Reives on leadership role, moving N.C. forward


Rep. Robert Reives II, who won re-election to his Dist. 54 N.C. House seat in November, was recently chosen by his fellow Democrats as House Minority Leader for the second time. Reives has served in the state General Assembly since 2014.

He spoke recently with the News + Record about his outlook for the coming two-year legislative term.

Let’s start with your re-election as House Minority Leader. What do you think that says about the confidence your colleagues have in you, and how are you feeling about this honor?

I am extremely appreciative of my caucus for entrusting me with this position again. I think it is a testament to the hard work that we put in over the past two years and the major accomplishments we achieved working across the aisle. I look forward to continuing in this position and building upon the success we had in the previous session.

From a practical standpoint, with some changes in House membership, how will your role as House Minority Leader change in the coming legislative sessions?

Practically speaking, this position will not change much. We have never failed to sustain a veto under Governor Cooper, and I do not anticipate that changing. It will be more difficult because our margin for error is nearly nonexistent, but I hope that this important check remains intact and that it encourages our friends across the aisle to work with us. Our state is made better when both parties have to negotiate. A supermajority — of either party — prevents the important voice of the Governor in those conversations.

Looking back on this past fall, what did the election process and your campaigning teach you or leave you with — what did you gain from the work you did to get re-elected that will serve you well for another two years?

Campaigning in the toughest race I have had since being appointed to this office has taught me a lot. Primarily, it reiterated my belief that we need to be listening to every constituent, not just the ones who vote for us. Having competitive races in every district would create a legislative body that is more open to compromise and working together. Entrenched partisanship is not the best way to run our state.

You’ve talked a lot in the last couple of years about cross-aisle cooperation and working across party lines. In the next two years, what Democratic policies and goals will you work to advance?

Workforce development remains a top priority for my caucus and for me. This requires fully funding public education, making meaningful steps in expanding broadband access — not just throwing money at the problem, promoting fair elections and finally reducing health care costs, which requires, among other things, expansion of coverage.

Are there any Republican policies/goals that you’re wary of?

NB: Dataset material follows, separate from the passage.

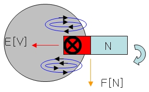 동 원판 중심에 축을 설치하여 중심축을 고정시키고 원판을 돌리면 돌아 가는 상태에서 말굽자석을 주위에 설치하여 시계방향으로 말굽자석을 회전시키면 N극에서 나와 S극으로 들어가는 자속이 원판을 쇄교하는 양이 변화되어 렌쯔의 법칙에 따른 와 전류 가 발생되고 자장내에서 와전류가 원판에 흐르면서 원판에 기전력이 발생된다.
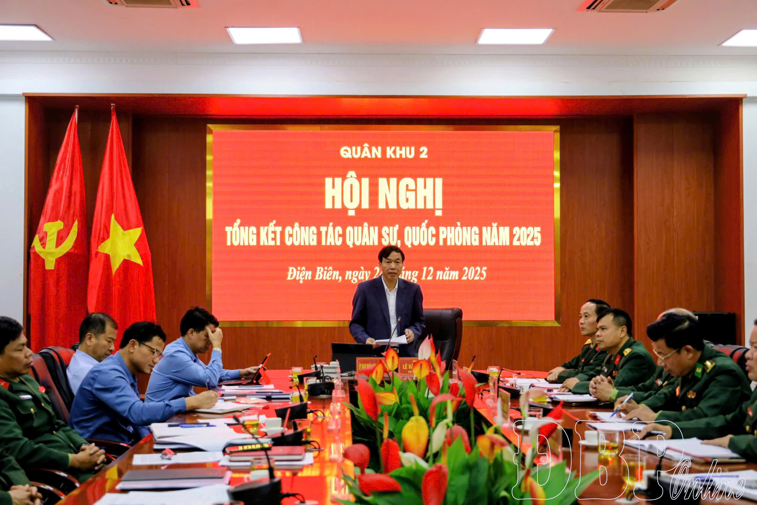 Sau khi nghe báo cáo về thực hiện nhiệm vụ quân sự, quốc phòng năm 2025 và phương hướng nhiệm vụ năm 2026 của Quân khu. Phát biểu tham luận tại hội nghị, Chủ tịch UBND tỉnh Lê Văn Lương cảm ơn Đảng ủy, Bộ Tư lệnh Quân khu 2 đã luôn quan tâm lãnh đạo, chỉ đạo, hỗ trợ kịp thời, hiệu quả, góp phần quan trọng giúp tỉnh hoàn thành tốt nhiệm vụ quân sự, quốc phòng. Đặc biệt là sự giúp đỡ thiết thực của lực lượng vũ trang Quân khu trong công tác phòng, chống và khắc phục hậu quả thiên tai, bão lũ trên địa bàn trong thời gian qua. Đồng thời, nhấn mạnh và làm rõ thêm một số kết quả đạt được trong công tác quản lý nguồn lực lượng dự bị động viên và nguồn sẵn sàng nhập ngũ; công tác tuyển chọn và gọi công dân nhập ngũ trên địa bàn tỉnh trong năm qua.

The majority ran on the promise of a heartbeat ban with no real exceptions. That has incredibly negative effects on women’s health care and employment and is contrary to what the majority of North Carolinians favor. Free and fair elections are another. Gerrymandering has plagued our state for decades and unfortunately that will not go away. Redistricting does not have to be approved by the Governor so we will not be able to prevent districts that do not reflect the makeup of the state. Moore v. Harper, which is being considered by the US Supreme Court at this very moment, could have major implications for North Carolina and every state moving forward.

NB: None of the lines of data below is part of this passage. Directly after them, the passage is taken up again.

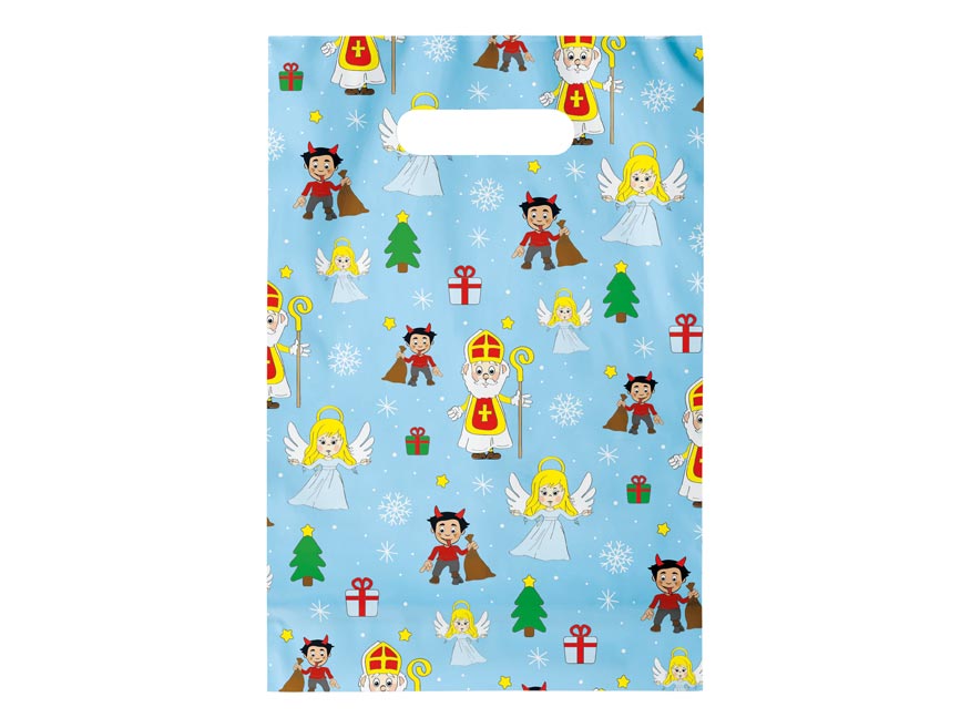 Igelitová taška s průhmatem v Mikulášském motivu.
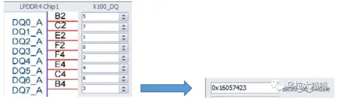 所以我们在固件里针对slice0的配置,需要去按照X100 DQ7~DQ0的顺序,填入对应的LPDDR4的DQ编号。
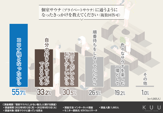 きっかけとしては、やはりコロナ禍となったことで密を避けるために個室サウナに通い始めた方が多いようですが、自分の好きなように設定してサウナに入れることなども、サウナーさんを惹き付ける要素となっている様子がうかがえる結果となりました。
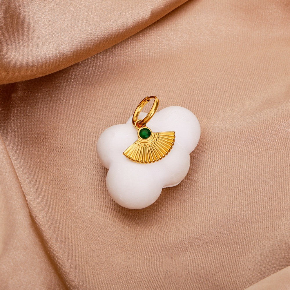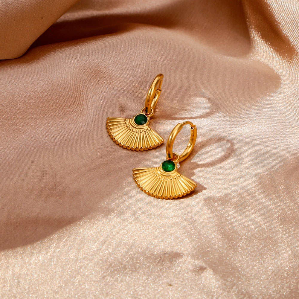 New Retro Round Green Zircon Fan Shaped Pendant Earrings – 18K Gold Stainless Steel Jewelry for Women
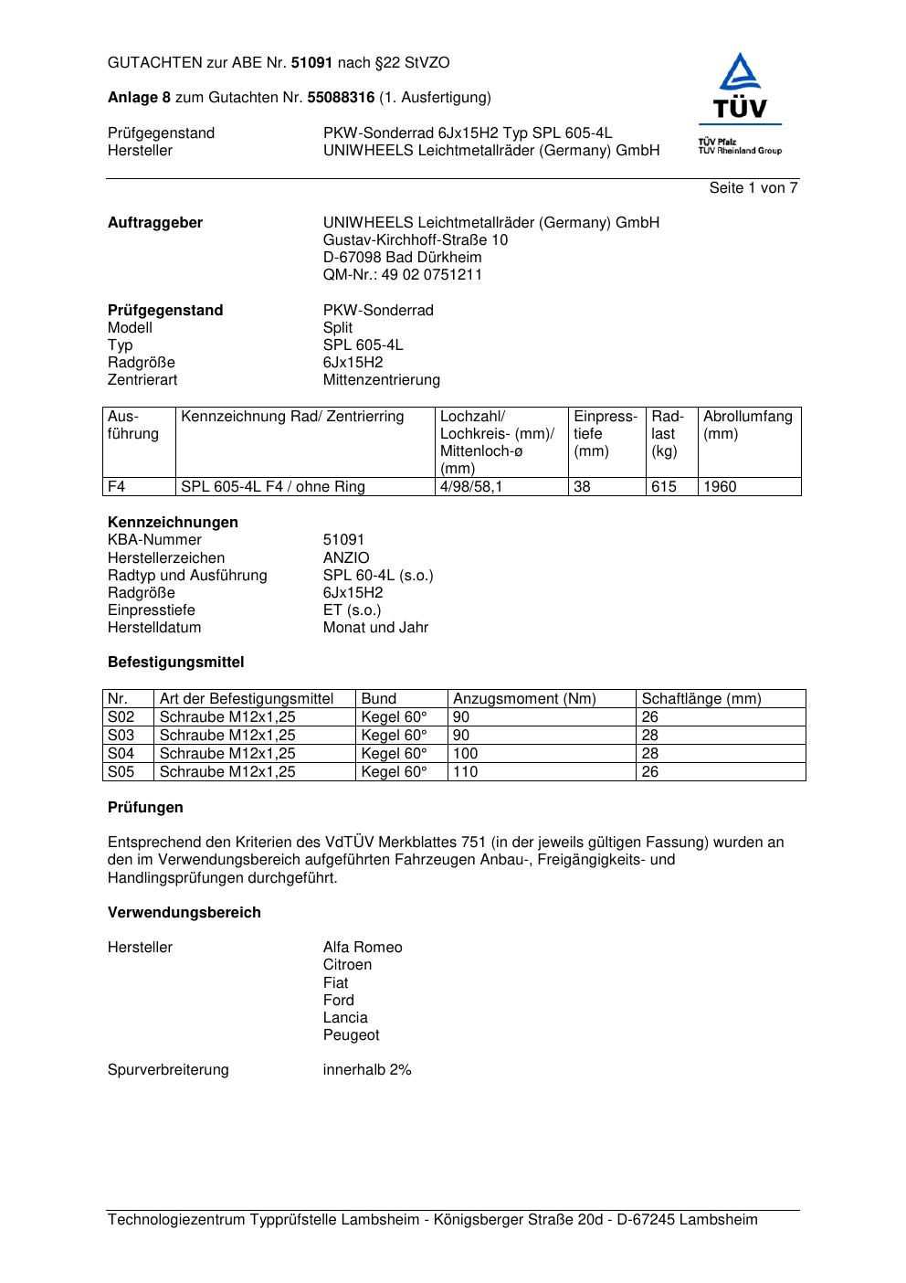 Dieses Gutachten (abe) bezieht sich auf die Alufelge brand-anzio SPL 605-4L in der Ausführung 6Jx15 ET 0, Mittenloch 0 mm (KBA 51091). Im PDF findest du typischerweise zulässige Reifengrößen, Auflagen/Anbauhinweise und – je nach Dokument – Hinweise zur Eintragung.
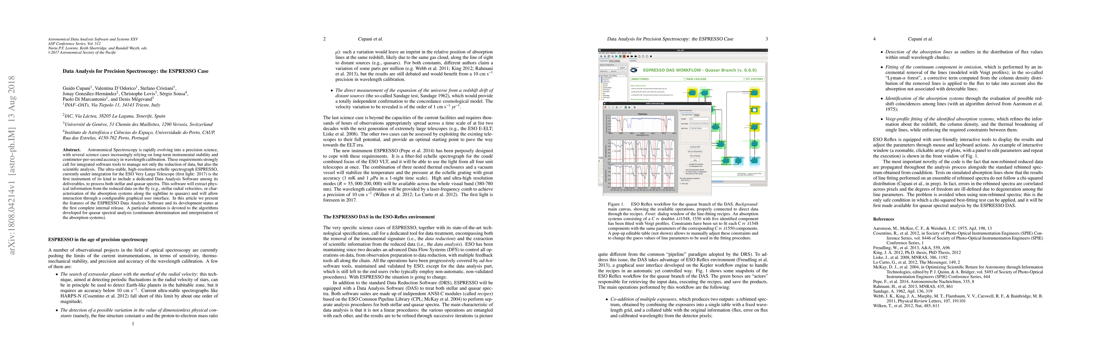 ESPRESSO is a high-resolution spectrograph for the ESO VLT, designed to directly extract science information from observations. Its Data Analysis Software (DAS) aims to overcome existing software limitations with new algorithms, iteration modes, and full interactivity for analyzing stellar and quasar spectra.
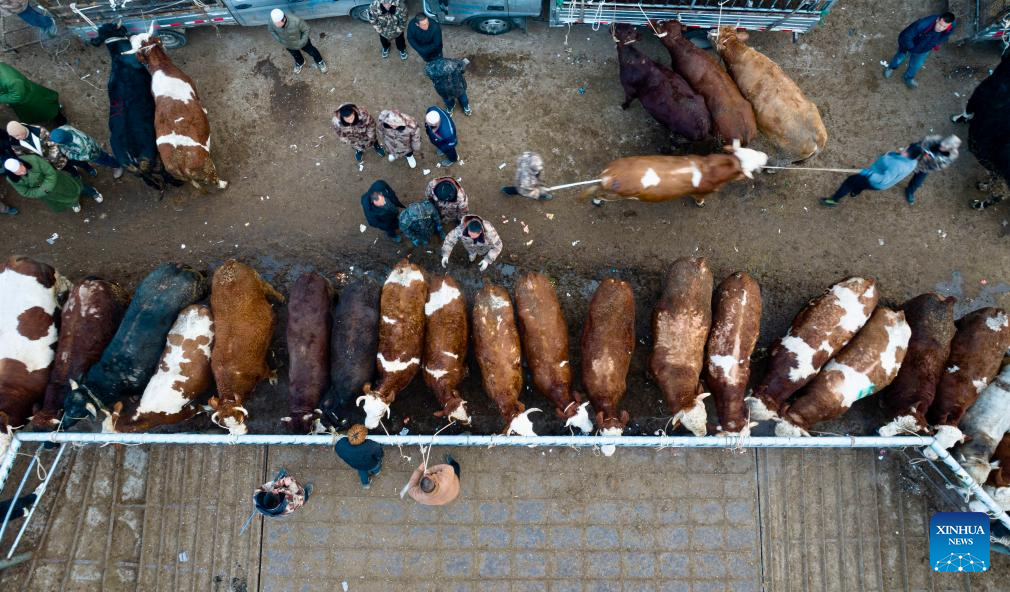 An aerial drone photo taken on Feb. 4, 2026 shows customers selecting cattle at Shanjiaji livestock trading market in Xiji County, northwest China's Ningxia Hui Autonomous Region. Wednesday marks "Lichun," or the Beginning of Spring, the first of the 24 solar terms on the Chinese lunisolar calendar. It's also a trading day for Shanjiaji livestock trading market.

And finally, in what ways can the two parties work together in the coming two-year term to move N.C. forward?

Over the previous session we showed a real ability to work together on economic development issues. Increasing prosperity in North Carolina helps everyone, regardless of political party. We should also keep in mind that these jobs locating in North Carolina do not have to stay here. When we veer toward legislating on divisive social issues rather than making lives better, we can easily lose the investments made. That is why it is important for us to actually come together and find workable solutions instead of focusing on scoring political points.

What specific challenges do you want the General Assembly to “fix” for North Carolinians in the next two years? What’s on that list for you?

Expanding health care coverage to more North Carolinians will improve so many lives. I know there is bipartisan interest in accomplishing that this session so that is at the top of our priority list. Education funding remains important, not just funding classrooms but making sure that our educators and support staff have competitive pay. And with the uncertainty we face with the economy, we should consider how we can make sure state employee salaries, and retirees, keep pace with inflation. I am less optimistic that we will fix fundamental issues with our elections, like fair maps, but I will continue to advocate for that as well.

And what are your specific goals to help Chatham County and your district (including that slice of Randolph County) in the coming term?

Our district is a microcosm of the state. We have wealthy, quickly-growing parts of Chatham County and rural parts in the western part of the county that need more attention right now. I am excited that, within this district, we have the Toyota plant, VinFast and Wolfspeed all coming. Those are going to need thousands of workers, and we can provide them from within our community. To that end, we need to ensure Chatham County and Randolph County schools are the best they can be. We need to provide ample funding for CCCC to help train workers. We should continue targeting broadband investments to make high-speed internet available to every resident. And we should work with local and state leaders to find creative ways to make housing more affordable so that everyone can call Chatham home without struggling to pay their rent or mortgage.